Pour encore mieux comprendre, j’ai regardé ensuite les debriefs de l’émission avec les streamers Amaru et Medja. Ils faisaient des blagues et tout. C’était marrant car j’ai vu le débat sous une autre forme. Ça m’a donné envie de suivre l’élection cette année. De regarder les grands débats, pour suivre les debriefs des streamers derrière.
Sofiane, 15 ans, collégien, Aulnay-sous-Bois
Illustration © Merieme Mesfioui (@durga.maya)

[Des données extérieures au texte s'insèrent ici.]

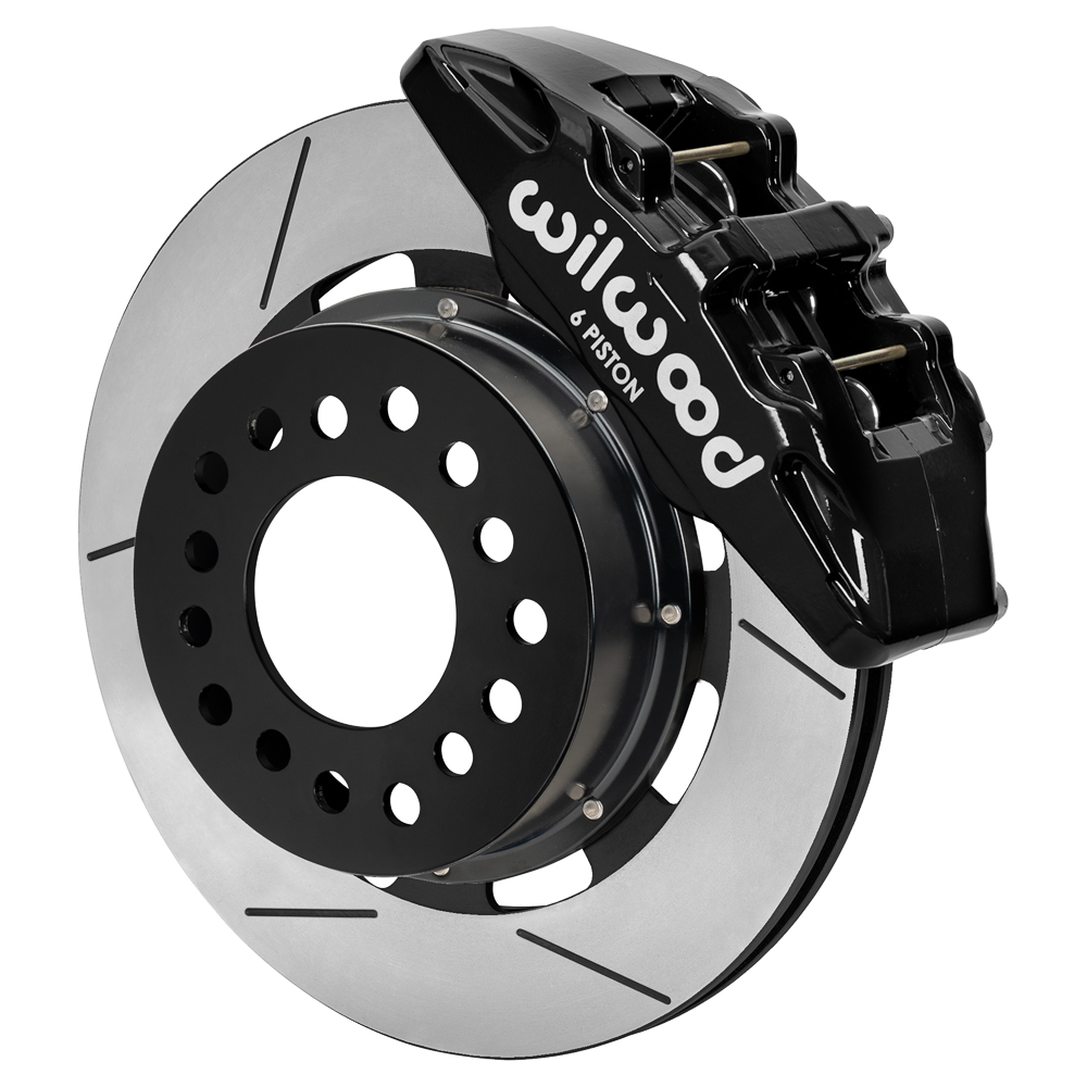 The enhanced brake capacity and pad performance of the DynaPro 6 forged billet six-piston caliper is combined with 12.19” diameter rotors for this group of kits, provide high performance and big brake stopping power by combining modern brake technology with high-tech styling to update the brakes on your vehicle. Specifically designed for use with Wilwood's Modular Aluminum ProSpindle and contain forged aluminum, four-piston calipers mounted over larger diameter, certified alloy 30-vane vented iron rotors. The new two-piece rotor assemblies provide weight-saving forged aluminum mounting hats. The calipers feature an increase in effective piston volume to deliver higher clamping power with less pedal effort than stock brakes. The thicker, vented rotor design adds cooling efficiency and durability to extend service life. BP-series SmartPads add high-response with increased resistance to fade and longer wear over typical OE replacement pads. Options for caliper colors and rotor styles are available to personalize the look on any car. For on-track driving enthusiasts, additional track-only fortifications are available on a custom order basis by contacting the technical staff at the factory.
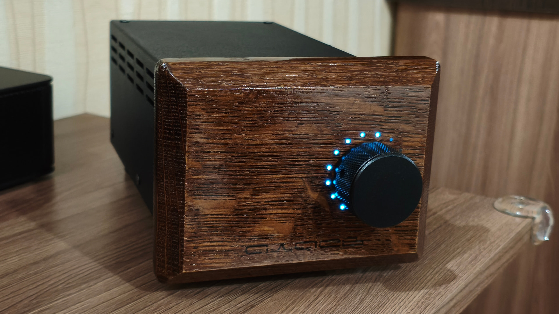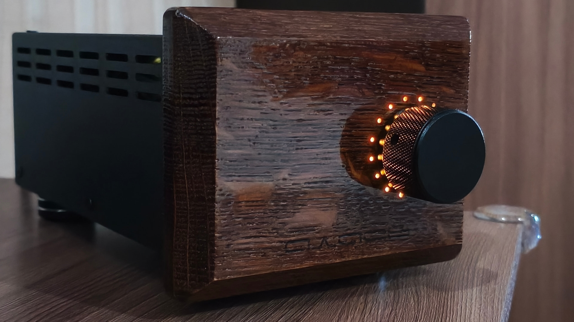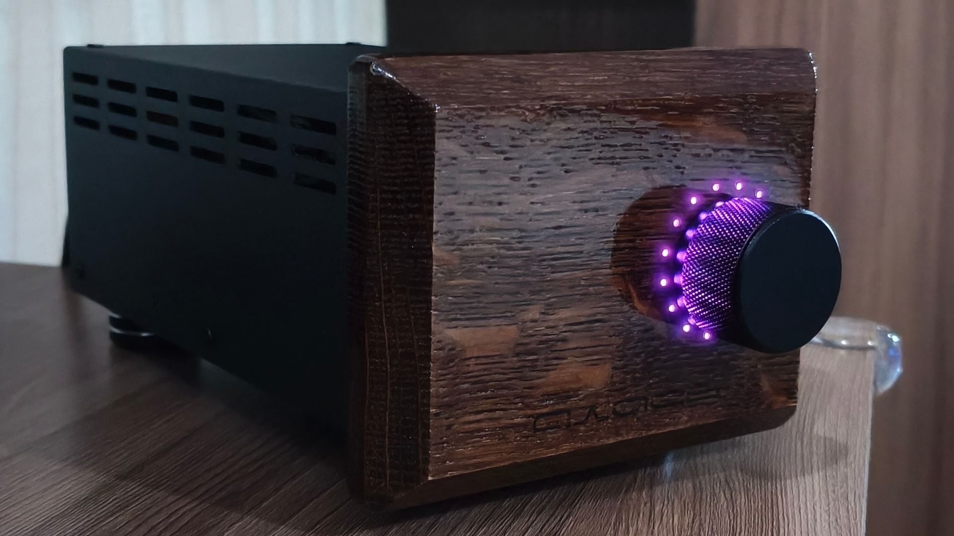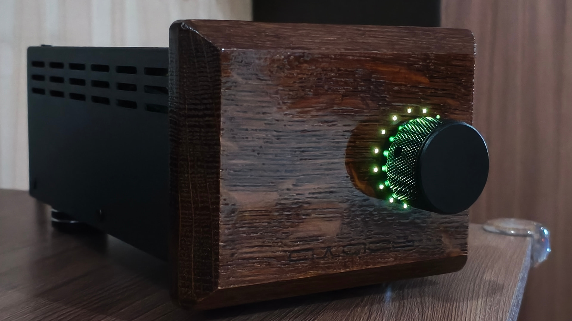 На мой вкус прослеживается явный перебор с выводимой на обозрение пользователя информацией и мне захотелось сделать подобное устройство более сдержанным во внешнем оформлении. В новой версии сборки я решил отказаться от ЖК-индикатора, а круговую светодиодную шкалу спрятать за декоративной деревянной фальшпанелью, выполненной из массива дуба.
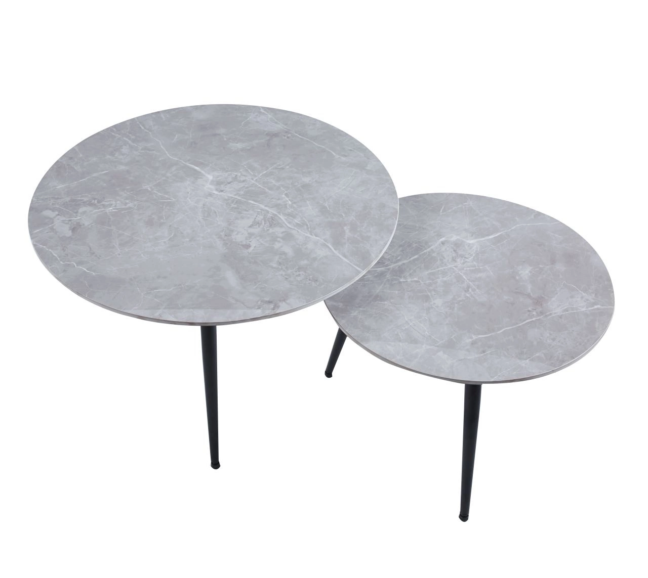 Nogi stolików wykonane z metalu malowanego proszkowo w czarnym kolorze zapewniają stabilność i wytrzymałość, co sprawia, że meble są nie tylko estetyczne, ale również solidne. Dzięki różnym rozmiarom blatów, stoliki można dowolnie zestawiać i aranżować, co daje możliwość dostosowania ich do indywidualnych potrzeb i preferencji.
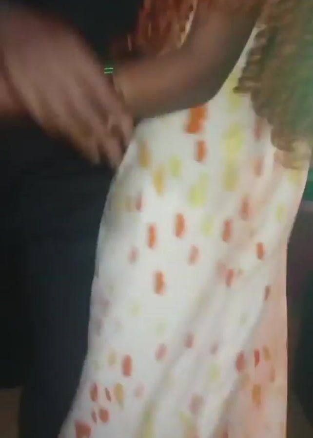 A woman with orange and brown dreadlocks is dancing with a man. The woman is wearing a white dress with orange and yellow splotches, and a bracelet on her left wrist. The man is wearing black clothes. The video is filmed close up, and the background is dark. There is music playing. The woman touches the man's hand while dancing.
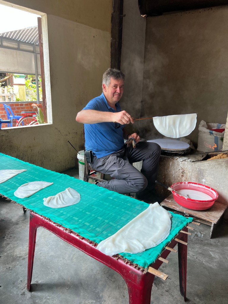 We peddled on, somewhat wobbly after our rice wine, to our last lesson of the day …. noodle-making. Another group was in front of us, so we started off by having a rather tasty pork noodle soup with the most delicious sweet chilli jam (would have been TEC’s best!), and then we tried our hand at making them. Once again noodle-making is a true labour of love, and would be made fresh every day. Our hostess, An, is up at 4am to make her 70kg of noodles, before all the tourists arrive.
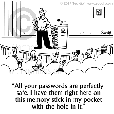 Computer Cartoon # 7722: All your passwords are perfectly safe. I have them right here on this memory stick in my pocket with the hole in it.
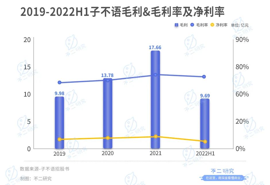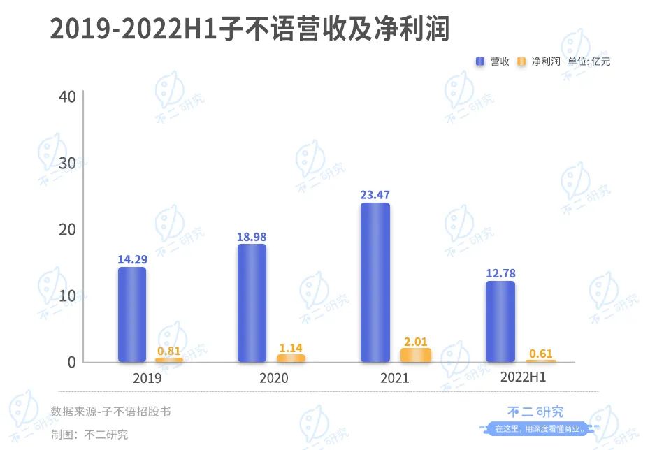 據(jù)招股書顯示,2019-2022上半年,子不語營業(yè)收入分別為14.29億、18.98億、23.47億和12.78億。同期,凈利潤分別為0.81億、1.14億、2.01億、0.61億。
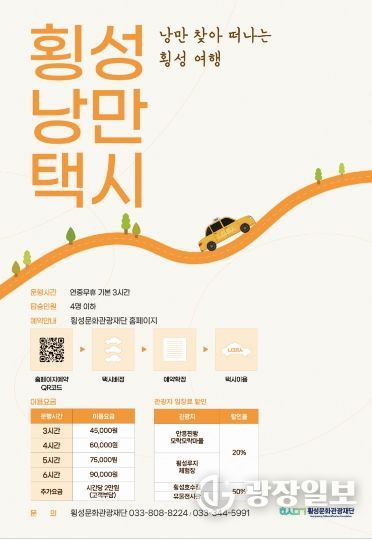 한편, 낭만택시 이용 방법과 상세한 할인 일정은 향후 횡성문화관광재단 누리집(홈페이지)을 통해 공지될 예정이다.
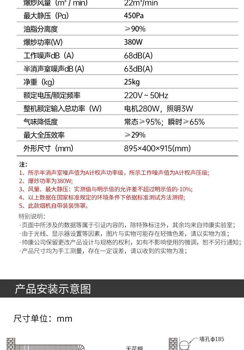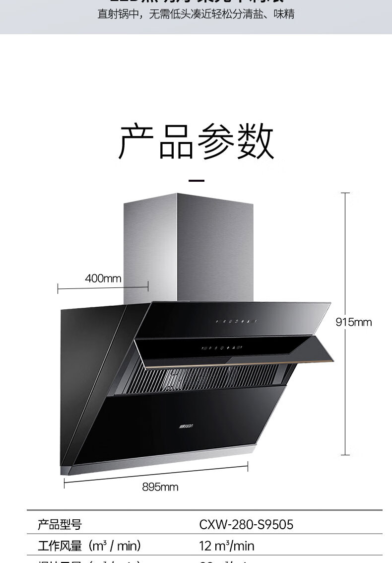 帅康(Sacon)抽油烟机CXW-280-S9505家用侧吸22风量大吸力挥手智控一键自清洗
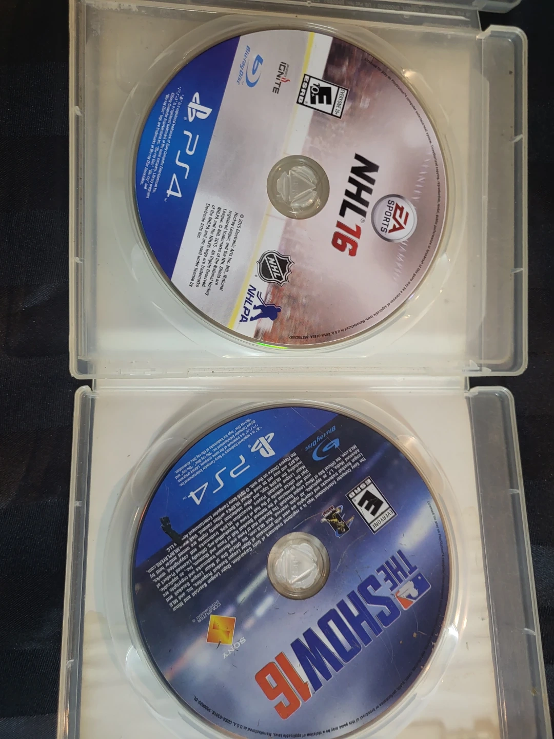 NHL 16 for PS4 by EA Sports. The Show 16 for PS4 by Sony Computer Entertainment. Both games are Blu-ray Disc format.
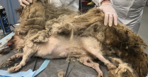The NHS veterinary team ended up removing 9 pounds of matted hair from Ellie Mae. The hair was extremely filthy and smelly, so removing it must have been a tremendous relief for Ellie Mae.
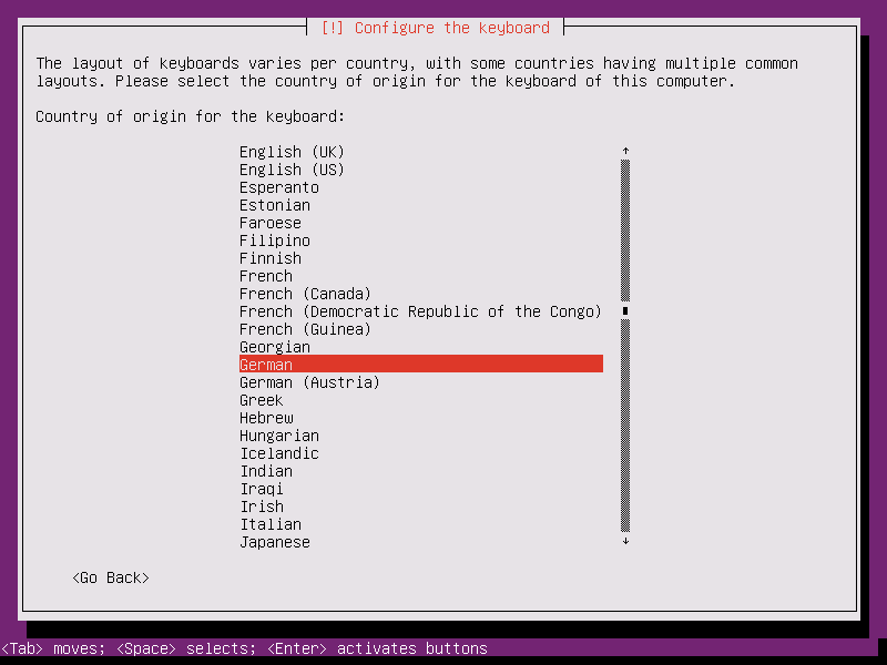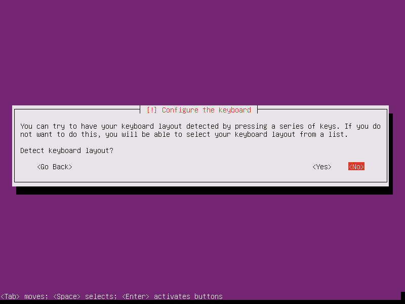 Choose a keyboard layout: You have the option to let the Ubuntu installer detect the keyboard layout automatically by choosing "yes" here. I prefer to select the right keyboard from a list and therefore I choose No & keyboard layout as German:
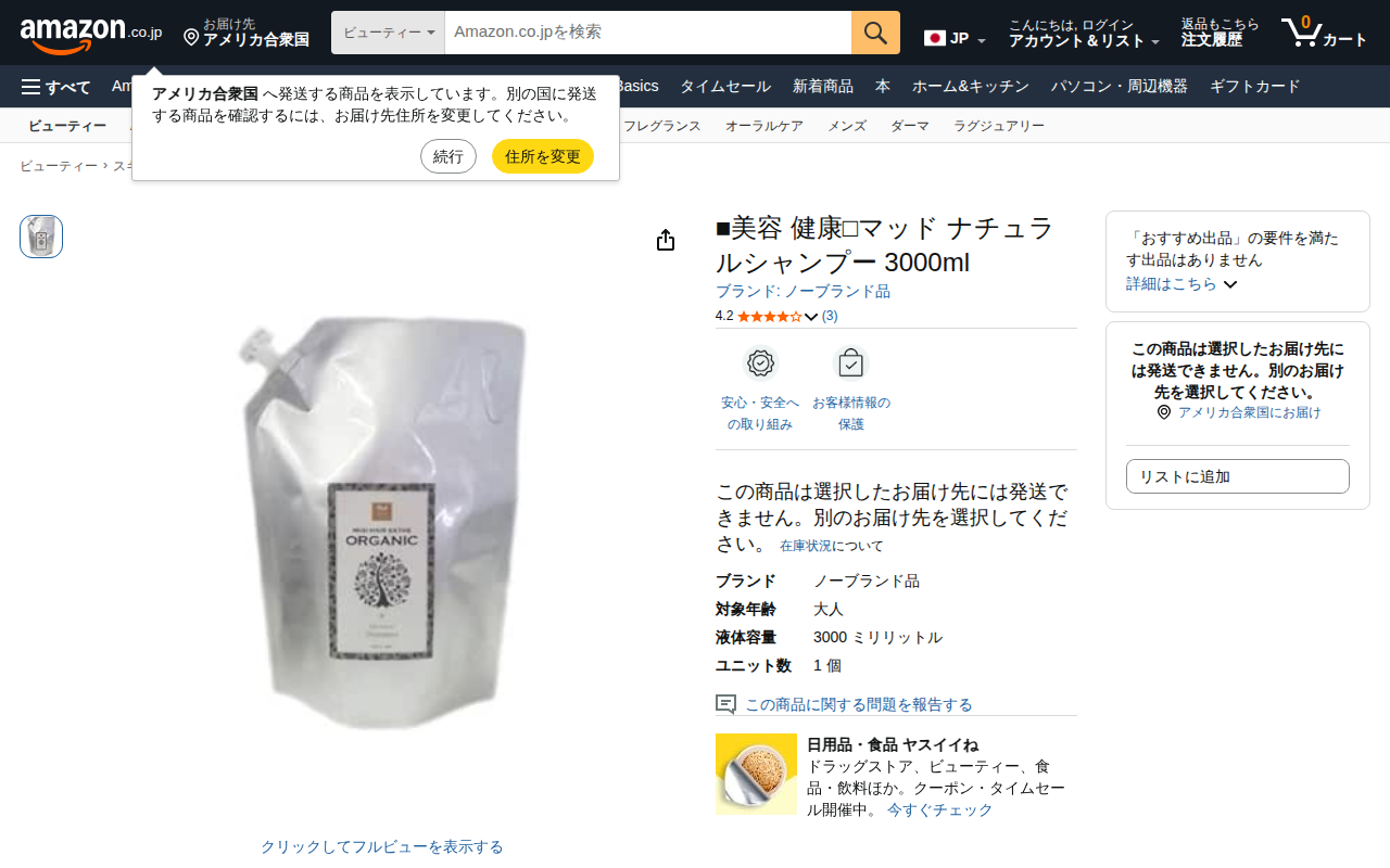This page displays a product listing on Amazon.co.jp for "Mud Natural Shampoo 3000ml." It is a non-branded adu...
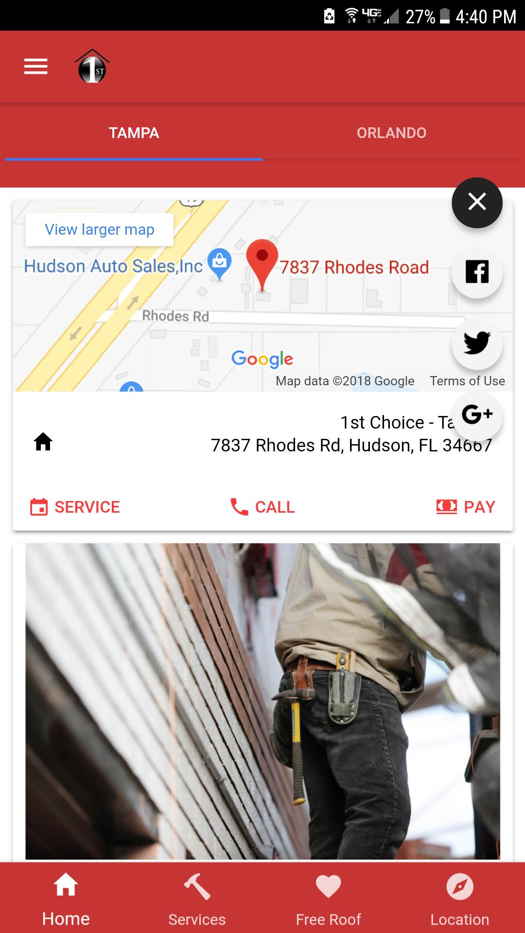 정보, 스케줄링, 스페셜 및 콘테스트를위한 주요 앱! 서비스 요청을 제출하거나 유지 보수 클럽에 등록 할 때 지붕 손상이있는 이미지를 업로드하십시오. 파이낸싱 및 진행중인 스페셜에 대한 정보는 Facebook 메신저를 사용하여 직원들과 쉽게 커뮤니케이션 할 수 있습니다. 게다가 훨씬 더!
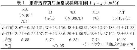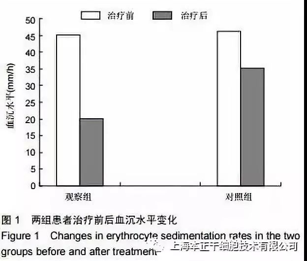 2016年专家们利用间充质干细胞治疗强直性脊柱炎病人,该治疗选取2012年1月至2013年11月开始治疗强直性脊柱炎患者36例,部分患者进行过传统常规治疗,效果不明显并且副作用大。患者均有不同程度的脊柱和关节疼痛,且表现出骶髂关节炎。36例患者均给予一次1×107间充质干细胞30ML静脉滴注治疗,在治疗后进行4~11月的随访,所有患者在晨僵时间、关节疼痛、关节肿胀、血降指数及CRP指标均有所改善。患者进行复查时,对患者进行血常规及肝肾功能检查,检查结果显示治疗效果明显,与传统治疗相比,差异具有统计学意义(P<0.05)见表
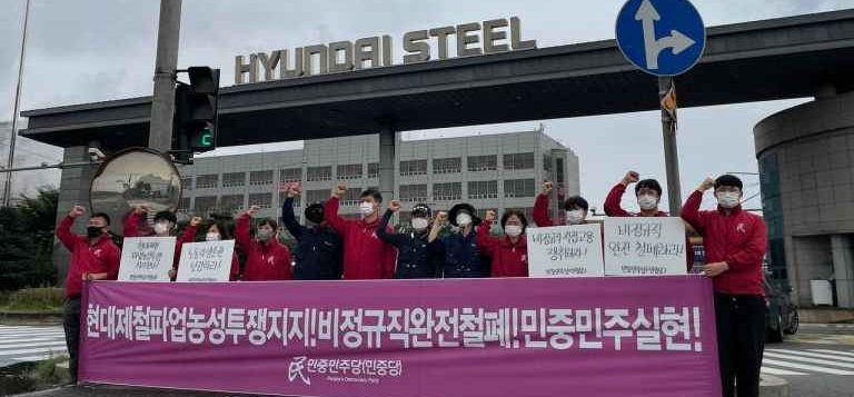 3. 비정규직을 완전히 철폐하고 노동중심사회를 앞당겨야 한다. 비정규직철폐투쟁은 이미 벼랑끝에 내몰릴데로 내몰린 우리노동자·민중이 돌파구를 마련하기 위한 투쟁이다. 현대제철은 동일 사업장에 정규직과 비정규직을 따로 고용하고 정규직·비정규직간 임금격차를 무려 60%까지 낮추면서 <동일노동 동일임금>의 기본원칙을 완전히 파괴하고 있다. 뿐만아니라 노동자들을 정규직·비정규직으로 가르고 자회사설립을 빌미로 비정규직사이를 또다시 이간질하며 노동자들의 노동권·단결권을 완전히 저해하고 있다. 대기업비정규직비율이 2020년기준 최소 40.1%라는 것은 무엇을 말해주는가. 노동자·민중을 분열시키며 노동자·민중의 창조물을 갈취하는 재벌·대기업의 만행은 비단 현대제철에서만 이루어지는 것이 아니다. 노동자·민중의 단결투쟁만이 노동자·민중의 운명을 개척할 수 있다. 세상을 바꾸고 시대를 선도해온 우리노동자·민중은 단결된 힘으로 억압과 착취의 사슬을 분쇄하고 민중민주의 참세상을 앞당길 것이다.

Abstentionnistes mais pas dépolitisé·e·s
Le vote n’est plus un réflexe
L’abstention atteint 72 % chez les 18-34 ans et les jeunes rejettent une partie des institutions traditionnelles. 90 % des 18-30 ans n’ont plus confiance dans les partis pour agir contre le réchauffement climatique, alors que sept jeunes sur dix se déclarent « très engagés » en matière d’environnement.
Des actions concrètes et solidaires
Ils et elles sont attiré·e·s par des formes d’engagement qui leur paraissent plus directes. 43 % des jeunes de 18 à 30 ans ont signé une pétition ou défendu une cause sur internet, un blog, ou un réseau social, 36 % ont participé aux activités d’une association et 15 % à une manifestation, une grève ou à une occupation de lieux.
La colère gronde
Le retrait vis-à-vis de la politique traditionnelle s’accompagne aussi d’une colère. 52 % des jeunes pensent que seule une certaine forme de violence peut permettre de faire bouger les choses et 34 % adhèrent par exemple à l’idée que l’armée puisse diriger le pays. Tourné en mai 2017, le documentaire Demain le Feu rend audible la colère sourde de plusieurs personnes, jeunes et moins jeunes, partout en France.